Segment Start: Entries supplied

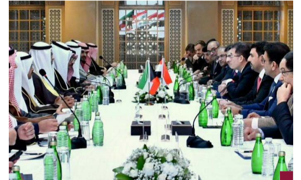
جانب من الاجتماع في بغداد.

بينما تستذكر الكويت بكل مشاعر الوفاء مناقب أمير التواضع الراحل سمو الشيخ نواف الأحمد الجابر الصباح في ذكرى رحيل سموه الأولى، يحتفل الشعب الكويتي بالذكرى الأولى لمناداة مجلس الوزراء لسمو الشيخ مشعل الأحمد أميراً للكويت لتدخل البلاد عهداً جديداً شعاره الحزم والعزم. ويهدى المناسبة العزيزة على قلوبنا جميعاً، ذكرى مناداة صاحب السمو الشيخ مشعل الأحمد الجابر الصباح حفظه الله ورعاها أميراً للكويت، فإننا نجدد الولاء والسمع والطاعة لسموه، ونذعو لله عزوجل أن يمدد بموهبه الصحة وتمام العافية وان يجعله عزاً وذخراً للكويت ولأهلها وأمتنا العربية والإسلامية. والشعب الكويتي يشعر بالفخر والاعتزاز لان دولته قدمت نموذجاً مثالياً يدرس في العالم أجمع لانتقال السلطة بصورة سلسلة وهادئة وحكيمة، ففي ١٦ ديسمبر عام ٢٠٢٣ اجتمع مجلس الوزراء برئاسة سمو الشيخ أحمد النواف إثر إعلان وفاة الأمير الراحل الشيخ نواف الأحمد الجابر الصباح طيب الله ثراه حيث نادى بسمو الشيخ مشعل الأحمد الجابر الصباح أميراً للبلاد باعتبار سموه ولياً للعهد ووفقاً لأحكام الدستور والمادة الرابعة من القانون رقم ٤ لسنة ١٩٦٤ في شأن أحكام توارث الإمارة بما عرف عن سموه من حكمة وإخلاص وتقان لكل ما فيه رفعة الكويت وأمنها واستقرارها. ويمكننا أن نطلق على صاحب السمو أمير البلاد الشيخ مشعل الأحمد الجابر الصباح حفظه الله ورعاها بأنه أمير الحزم والعزم.. فقد كان سموه طوال ١٢ شهراً حازماً في قراراته لحفظ رفاة الدولة وأمنها واستقرارها وسعادة شعبها
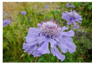
タカネマツムシソウ
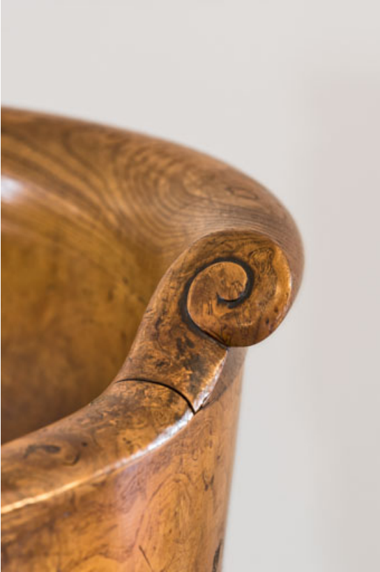
Fauteuil rembourré à dossier concave en bois : décor de la traverse supérieure. 21, Dijon place du Théâtre
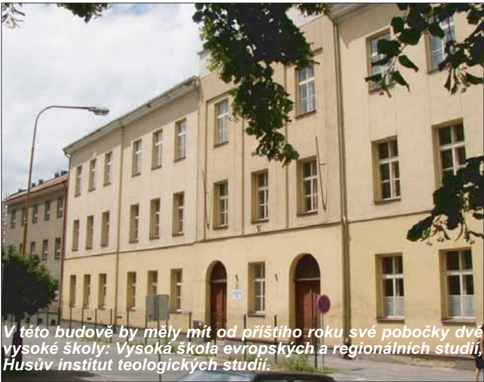
V této budově by měly mít od příštího roku své pobočky dvě vysoké školy: Vysoká škola evropských a regionálních studií, Husův institut teologických studií.

● Firma, která zvítězila ve výběrovém řízení na rekonstrukci Divadla Příbram, od soutěže odstoupila s tím, že dosud nebyla vyzvána k podpisu smlouvy. Důvodem bylo odvolání se firmy, která skončila na druhém místě, a bylo tedy nutné dodržet zákonné postupy. Je možné, že realizace těchto prací bude odsunuta až na příští rok, nebo práce provede firma, která skončila druhá v pořadí a nabídla i kratší dodací lhůty. V současné době již je připraveno i výběrové řízení na vý-
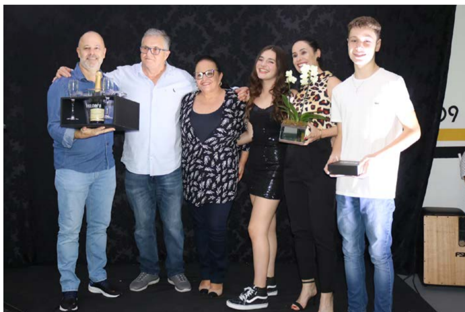
Entrega das chaves dos apartamentos para moradores
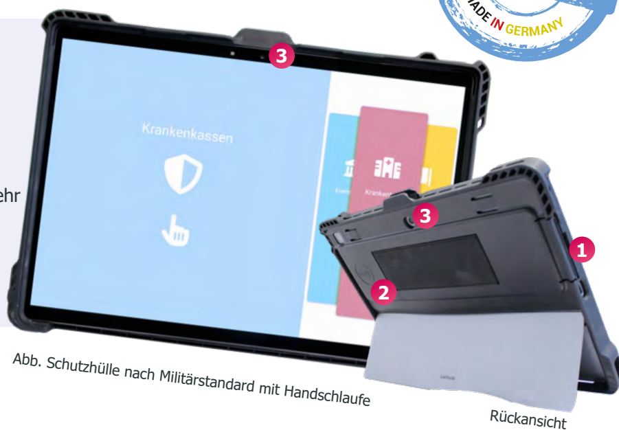
Abb. Schutzhülle nach Militärstandard mit Handschlaufe
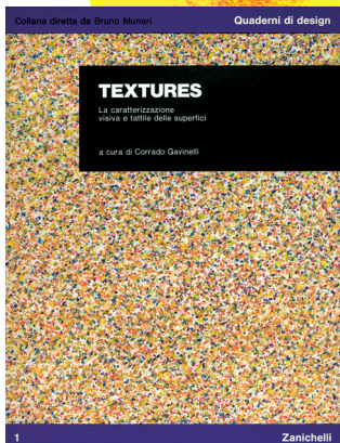
Corrado Gavinelli Textures La caratterizzazione visiva e tattile delle superfici Quaderni di design, 1 1976

«D'inverno la natura dorme e quando sogna appare la nebbia. Camminare dentro la nebbia è come curiosare nel sogno della natura: gli uccelli fanno voli corti per non perdere l'orientamento, scompaiono i segnali e i divieti nelle strade, i veicoli vanno piano e si fa appena in tempo a riconoscerli che spariscono. Le luci rosse, verdi, gialle colorano nella notte vaste masse di nebbia, tutto diventa irreali. Solo all' interno delle case gli uomini e gli animali continuano la loro attività.»
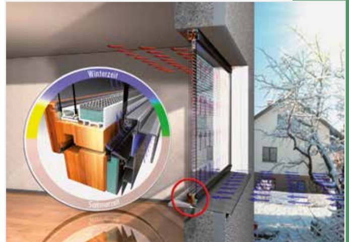
gemäßigte bis kühle Klimazone: Energiegewinnung durch Vorwärmen der von außen kommenden Frischluft
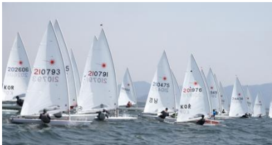
요트대회 및 체험
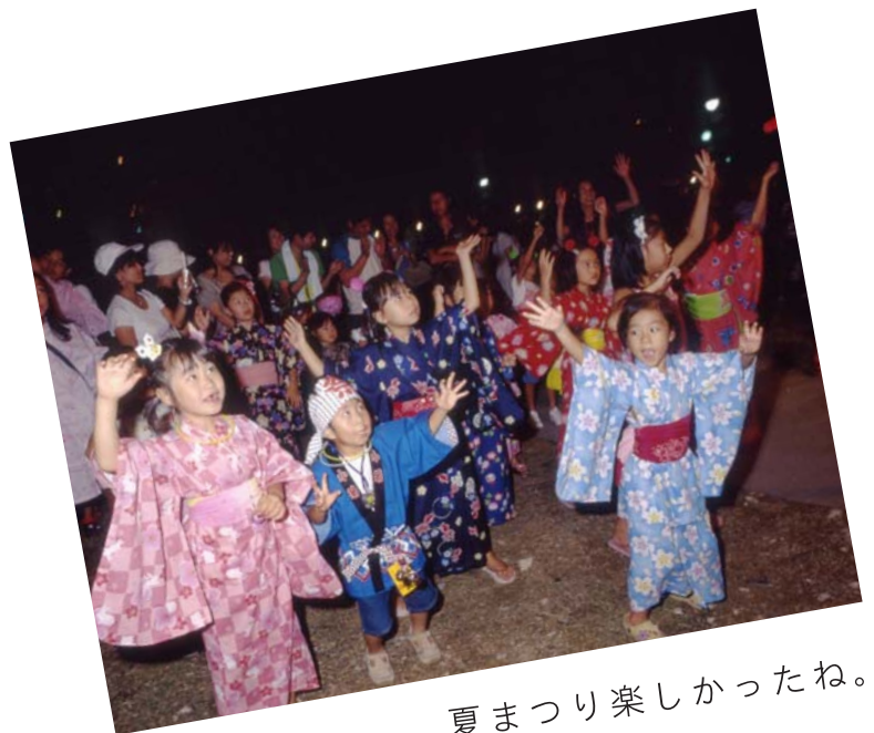
夏まつり楽しかったね。
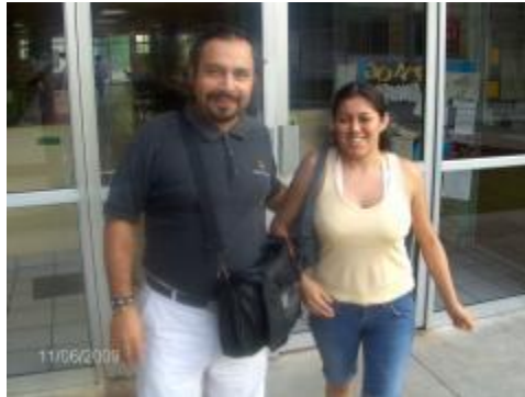
Estudiantes de Filosofía en la biblioteca de Humanidades

Escuela de Filosofía Informe de Actividades 2011
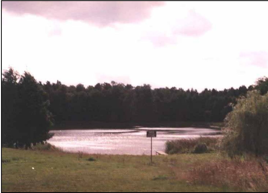
Jezioro Rościmińskie Małe

Segment End: Entries supplied

◆ Work task: Beginning with the line that holds "夏まつり楽しかったね。", return each line through the end of the records above exactly. Do not include pictures.

◆ Finished task:
夏まつり楽しかったね。
Estudiantes de Filosofía en la biblioteca de Humanidades

Escuela de Filosofía Informe de Actividades 2011
Jezioro Rościmińskie Małe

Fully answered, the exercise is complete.